Pour l’égyptologue Bernadette Menu, « les documents des origines, la mythologie et
l’idéologie coïncident sur une idée essentielle : la vie est un combat et le combat pour la vie
est la vie. » C’est donc à Pharaon qu’est dévolu ce combat et nous pouvons lire dans les
Textes des Pyramides : « Le ciel est apaisé, la terre est joyeuse car ils ont appris que le roi
mettrait maât à la place d’isfet. »
De plus, nous pouvons remarquer que Pharaon n’est pas limité dans les formes qui le
représentent : il est montré en humain, en animal réel ou fantastique. Il est permis de penser
que ce qui est souligné ainsi, c’est l’ascendance divine de Pharaon : comme les dieux, il a la
possibilité de choisir entre diverses représentations qui le placent hors du commun et
accréditent sa fonction royale.
En conclusion, nous pouvons donc remarquer que la guerre est considérée, en Egypte
ancienne, comme un acte rituel mené par Pharaon et non comme le moyen de se gorger et de
se glorifier de conquêtes. Les représentations de Pharaon en guerrier victorieux ont par
ailleurs un rôle magique. Pour les anciens Egyptiens, représenter la réalité du monde, c’est
figurer des éléments créés par le démiurge et donc, créer des images vivantes, réceptacles de
forces issues du divin. Aussi, représenter la victoire de Pharaon sur les parois de temples ou
de tombes, sur divers objets, cela a pour but de faire advenir ce qui est représenté, en
l’absence même de tout regard humain. A travers la guerre et ses représentations, apparaît une
conception du pouvoir empreinte d’une haute spiritualité : en Egypte ancienne, le vrai
souverain est la divinité et Pharaon son glorieux serviteur qui repousse isfet et fait advenir
maât, afin de conserver la création telle que l’a réalisée le démiurge.

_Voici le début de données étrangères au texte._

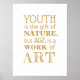 "A juventude é a dádiva da natureza, mas a idade é uma obra de arte." É hora de comemorar a envelhecer! Este design apresenta o texto marrom-claro-ouro em um estilo de tipografia mista em um fundo branco. Totalmente personalizável, use a opção personalizar para alterar o estilo/tamanho/cor da fonte ou para alterar a cor do plano de fundo, se desejar. Design © 2018 Nancy Lalonde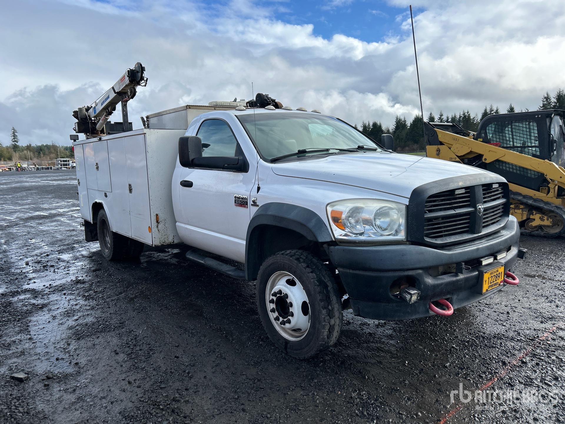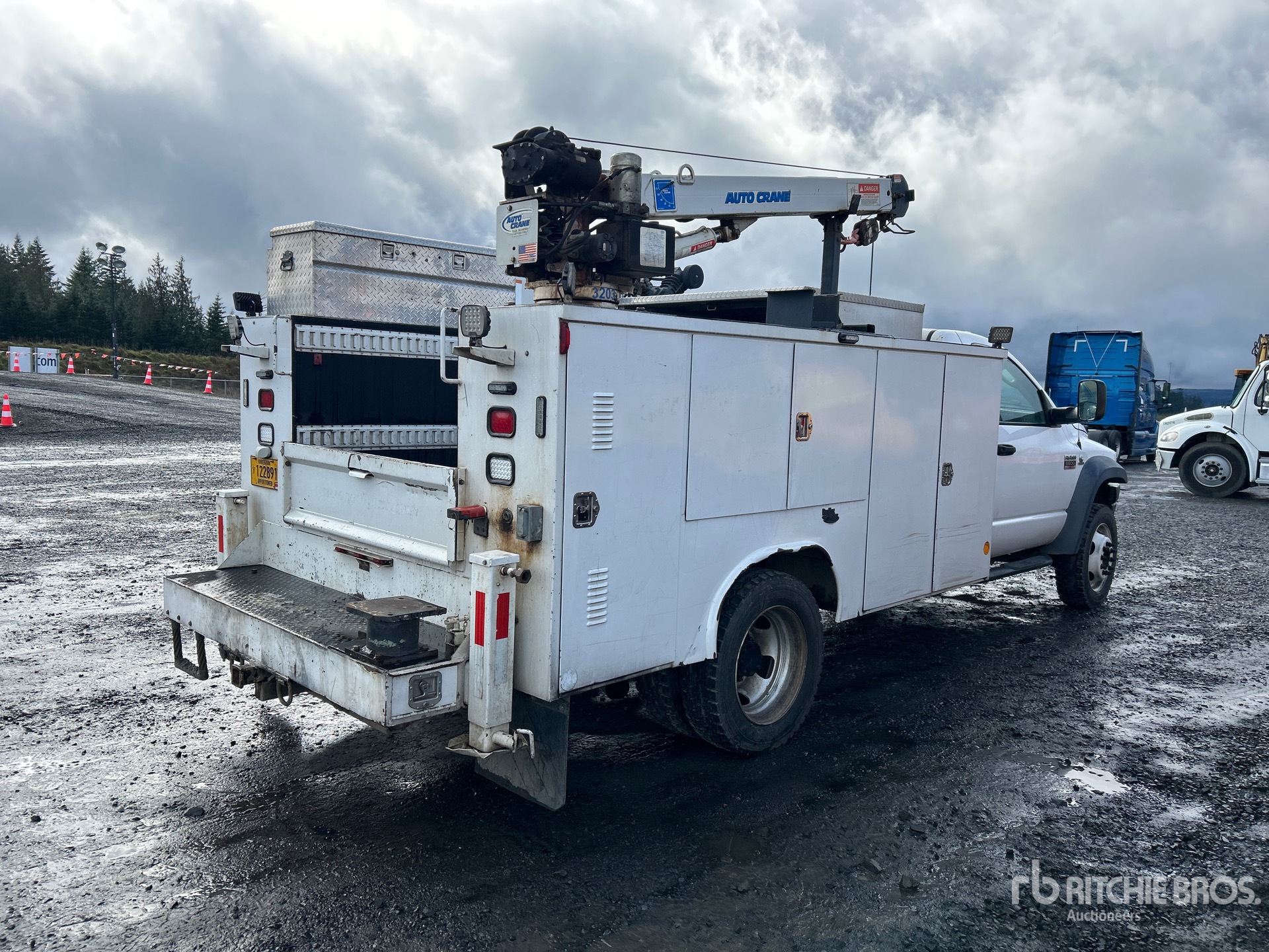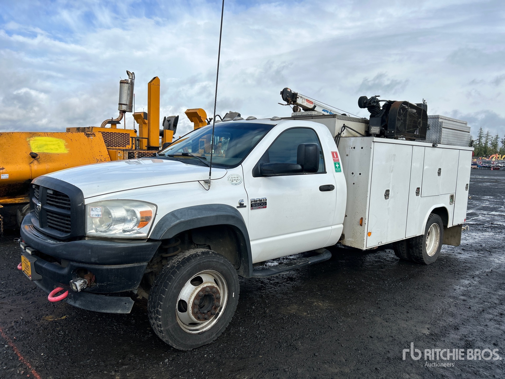 Cummins 6 Cylinder 6.7 L Diesel Engine, Exhaust Brake, Automatic Transmission, 7000 lb Front Axle, 13500 lb Rears, 19500 lb GVWR, 225/70R19.5, Spring Suspension, 168 in Wheelbase, 11 ft Body, Manual Stabilizers, Auto Crane 3203 PRX 2200 lb 3 Section Electric Crane, Ingersoll-Rand 2475 Gasoline Air Compressor

Indications bibliographiques
Bonhême (Marie-Ange), Forgeau (Annie), Pharaon : Les Secrets du Pouvoir, Paris, Armand
Colin, 1988.
Menu (Bernadette), Egypte pharaonique : Nouvelles recherches sur l’histoire juridique,
économique et sociale de l’ancienne Egypte, Paris, L’Harmattan, 2004.
Pharaon : Exposition présentée à l’Institut du monde arabe en 2004-2005, [catalogue rédigé
sous la direction de Christiane Ziegler], Paris, Institut du monde arabe-Flammarion, 2004.
Vernus (Pascal), Yoyotte (Jean), Bestiaire des pharaons, Paris, Perrin, 2005
Zivie-Coche (Christiane), Sphinx ! Le Père la terreur, Paris, Editions Noêsis, 1997.